Com direção de fotografia do irmão, Dib Lutfi (que se tornaria um dos mais celebrados profissionais do cinema brasileiro), o filme estrelado por Antonio Pitanga, Ziraldo e Agildo Ribeiro deu a partida numa carreira de diretor que incluiria longas como “A noite do espantalho” (1973, cujo protagonista foi vivido pelo cantor Alceu Valença) e “Bandeira de retalhos” (2018, que Sérgio filmou no morro do Vidigal, no Rio, onde morava).

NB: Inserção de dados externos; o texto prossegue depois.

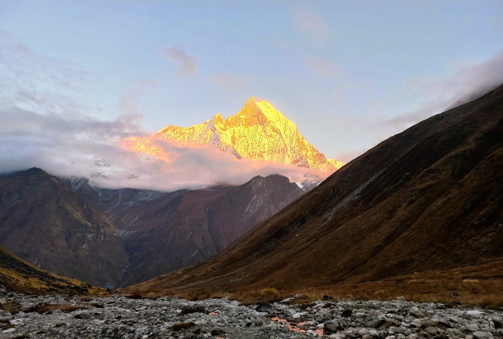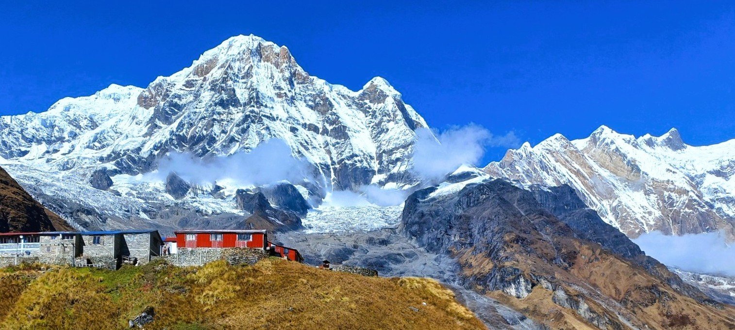 Today marks one of the most exhilarating days of the trek as we ascend into the heart of the Annapurna Sanctuary. The trail begins with a steady climb through alpine terrain, where the forest thins and the landscape becomes more rugged and dramatic. After 2–3 hours, we reach Machhapuchhre Base Camp, nestled beneath the sacred, unclimbed peak of Machhapuchhre (Fishtail). From here, the views are truly spectacular; Annapurna South (7220m), Hiunchuli (6441m), Gandharva Chuli (6248m), Annapurna Fang (Haraha Shikhar)(7647m), and Annapurna III (7555m) rise around you.

Nos últimos anos, ele vinha se dedicando à literatura, à pintura (chegou a vender algumas telas para complementar o orçamento) e ao espetáculo “Cinema na música”, em que cantava as suas composições feitas para filmes, acompanhado pelos filhos Marina e Adriana Lutfi (vozes) e João Gurgel (voz e violão). Ano passado, o show virou CD e DVD, com participações de Alceu Valença, Geraldo Azevedo, Dori Caymmi e João Bosco.

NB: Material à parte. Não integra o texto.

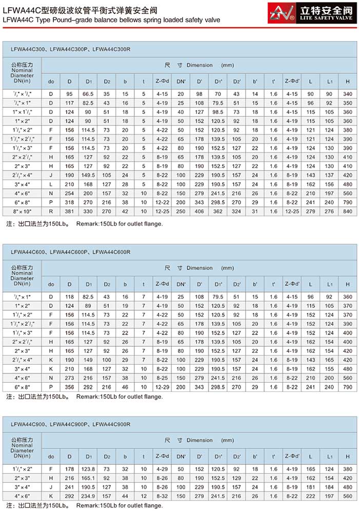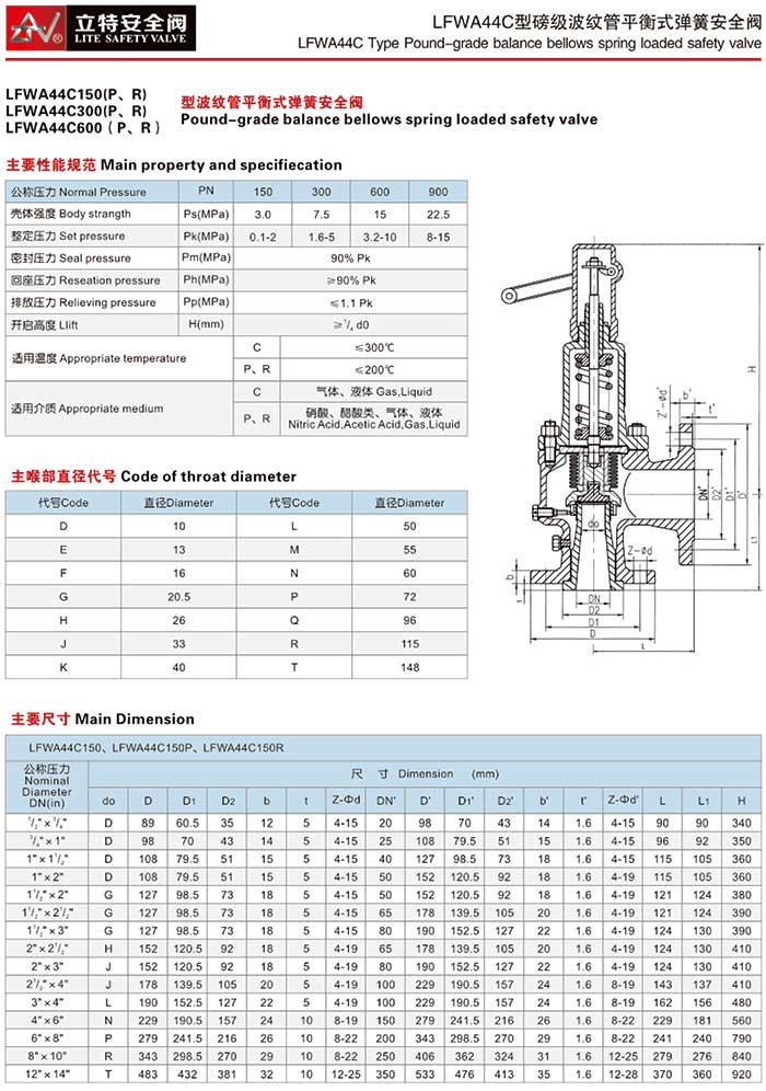 > LFWA44C型磅级波纹管平衡式弹簧安全阀

Sérgio Ricardo morreu na manhã de ontem, aos 88 anos, no Hospital Samaritano, no Rio de Janeiro, onde estava internado há quatro meses. De acordo com os filhos, em nota à imprensa, ele foi vítima de insuficiência cardíaca. “Sérgio se submeteu a algumas internações desde agosto do ano passado quando fraturou o fêmur. Chegou a pegar Covid no início de abril, mas se recuperou bem. No entanto, continuou internado por conta da insuficiência cardíaca”, explicaram Adriana, Marina e João.
Sem aglomeração
O velório será aberto e está marcado para começar às 14h de hoje, no Cemitério da Cacuia, na Ilha do Governador. Para evitar aglomeração, serão permitidas dez pessoas por vez na sala do velório. O sepultamento será feito às 16h30 no jazigo da família.
Durante todo o dia, artistas expressaram seu luto. “O dia está mais triste com a partida do meu amigo amado”, escreveu o cantor Jards Macalé. “Um multiartista, cantor, compositor de canções e trilhas sonoras fundamentais, cidadão exemplar e companheiro de lutas pelo direito autoral, deixa muita saudade. Viva Sérgio Ricardo!”, publicou o cantor Roberto Frejat.